Apple has been susceptible and targeted for malware and "viruses" for quite some time now. And Apple, Inc is exceedingly slow to patch. The main attack vectors are via the various available web browsers and the email programs, just like every other desktop OS.

Avast is free for personal use and seems to be pretty good from testing we've done at catching malicious things.

We also use Symantec at the office and it has not been impressive in performance but hasn't failed so miserably on Mac that anything truly destructive has gotten through yet.

Java and Flash are their usual unmitigated security disasters on all platforms including Mac, also.
 
Very, very few devices are truly immune to viruses. It's a question of whether or not they are important enough to be a target.
 
More things are targetted at PCs and iPhones/iOS because those have the big targets. iOS is designed to be a bit more resiliant against those things but it's hardly immune.

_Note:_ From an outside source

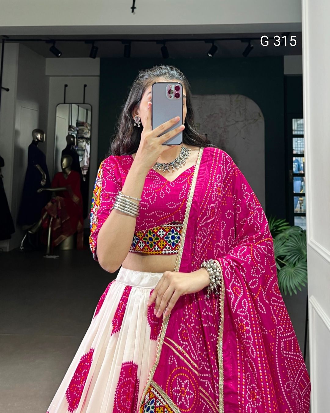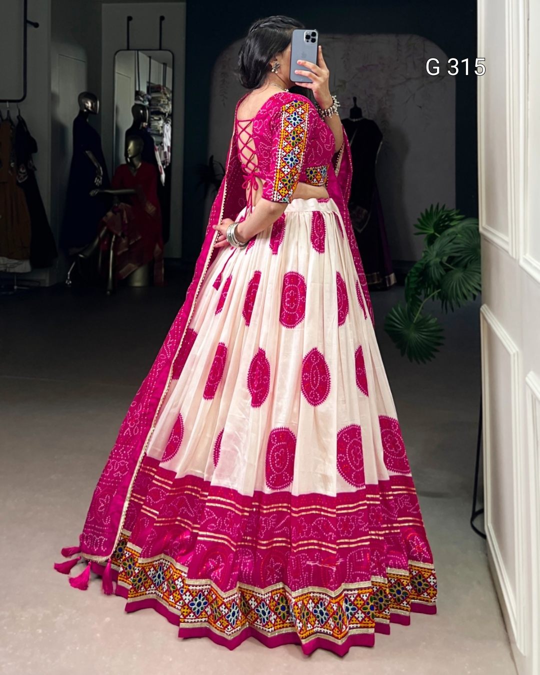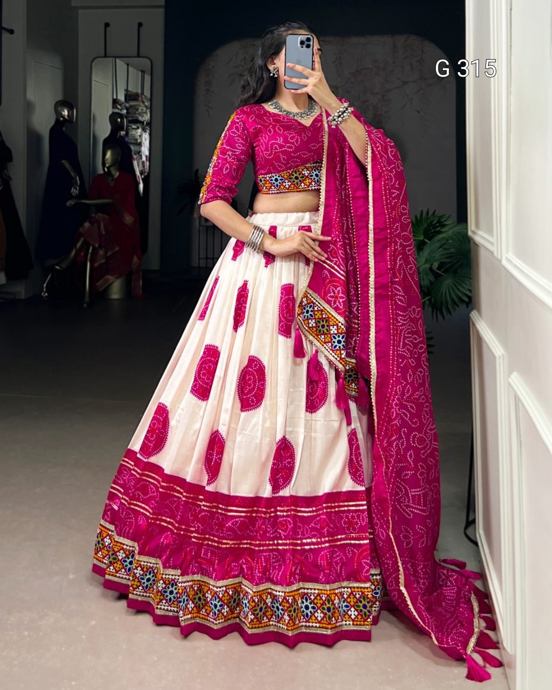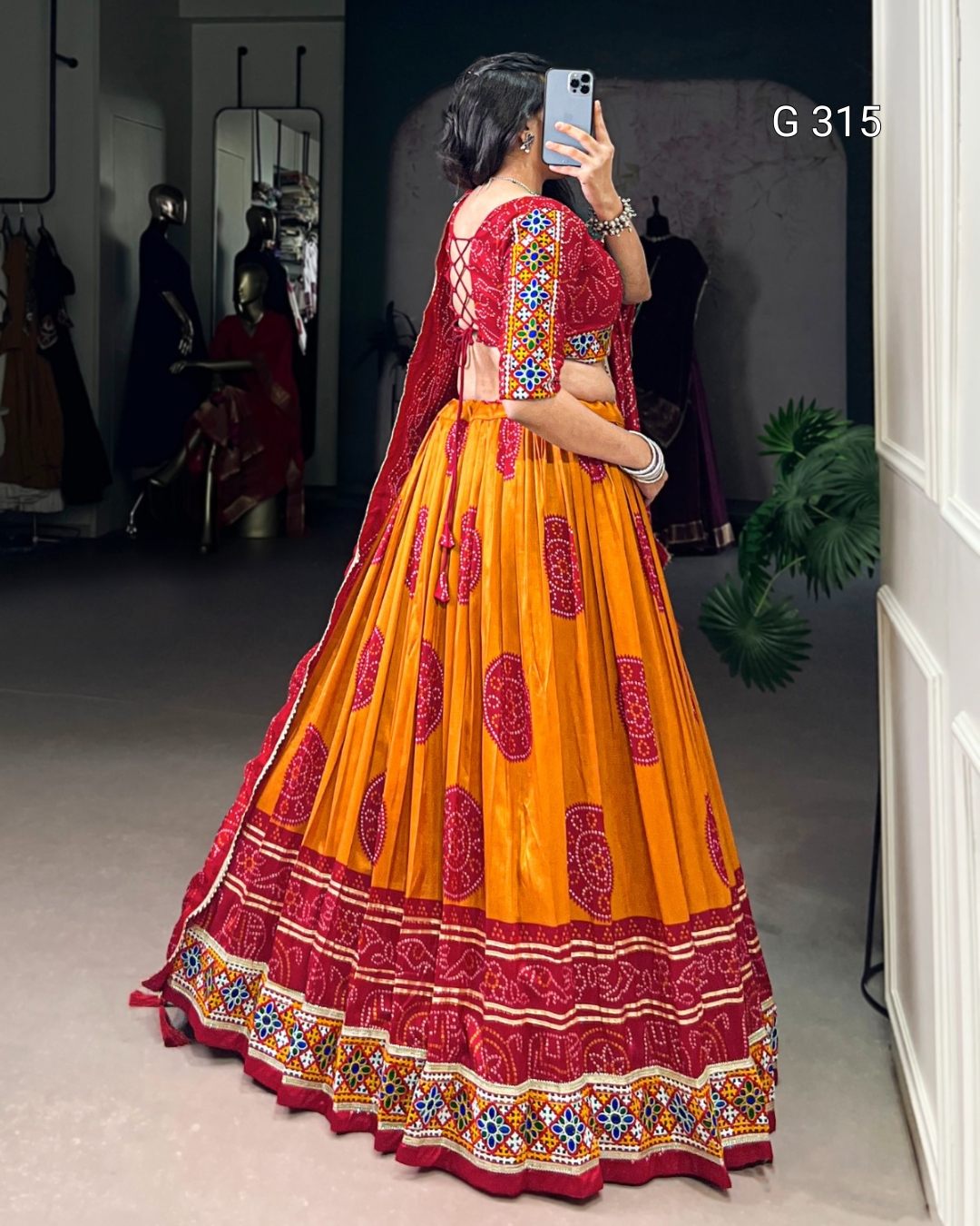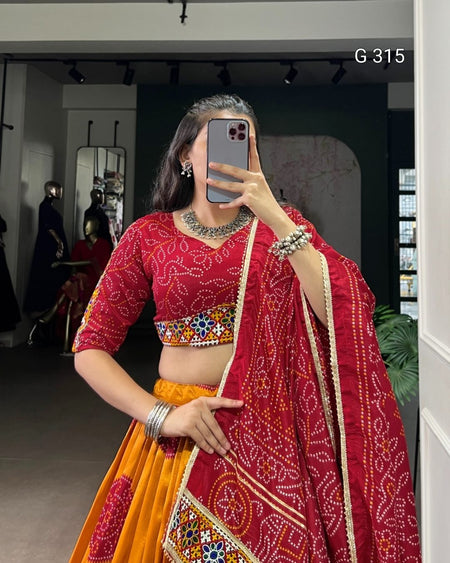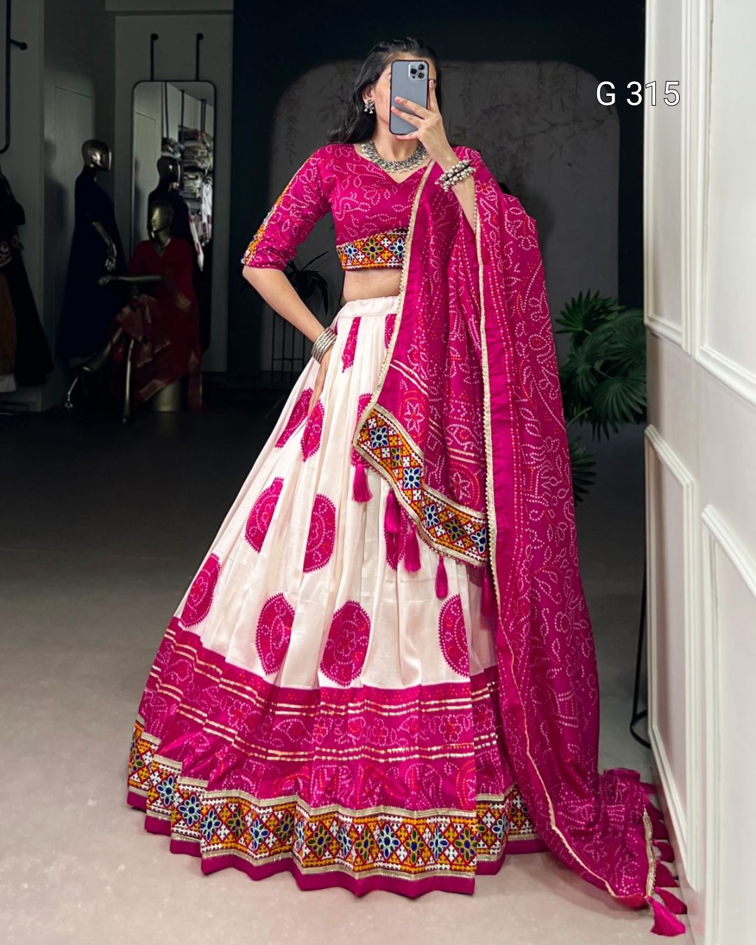 Bandhej Print Tasar Silk Lehenga with Gamthi Work – G 315

OS/X survives virus free because nobody by and large gives a hoot, but there is a lot of malware out there that gets around the rudimentary "are you sure you want to install this piece of untrusted software you downloaded off the internet" confirmation. Even as a savvy user I got bitten by one of these (the installed software was benign, but the installer that came with it installs all sorts of malware in the browser's in the process).
 
OS/X isn't immune. But for sure and for certain it is better than the crap from microsoft.

No automobile is immune from being stolen, but you can decrease the odds that your car is stolen by doing some very simple things (e.g., locking car door). Make it so that is it relatively easier to steal that other car.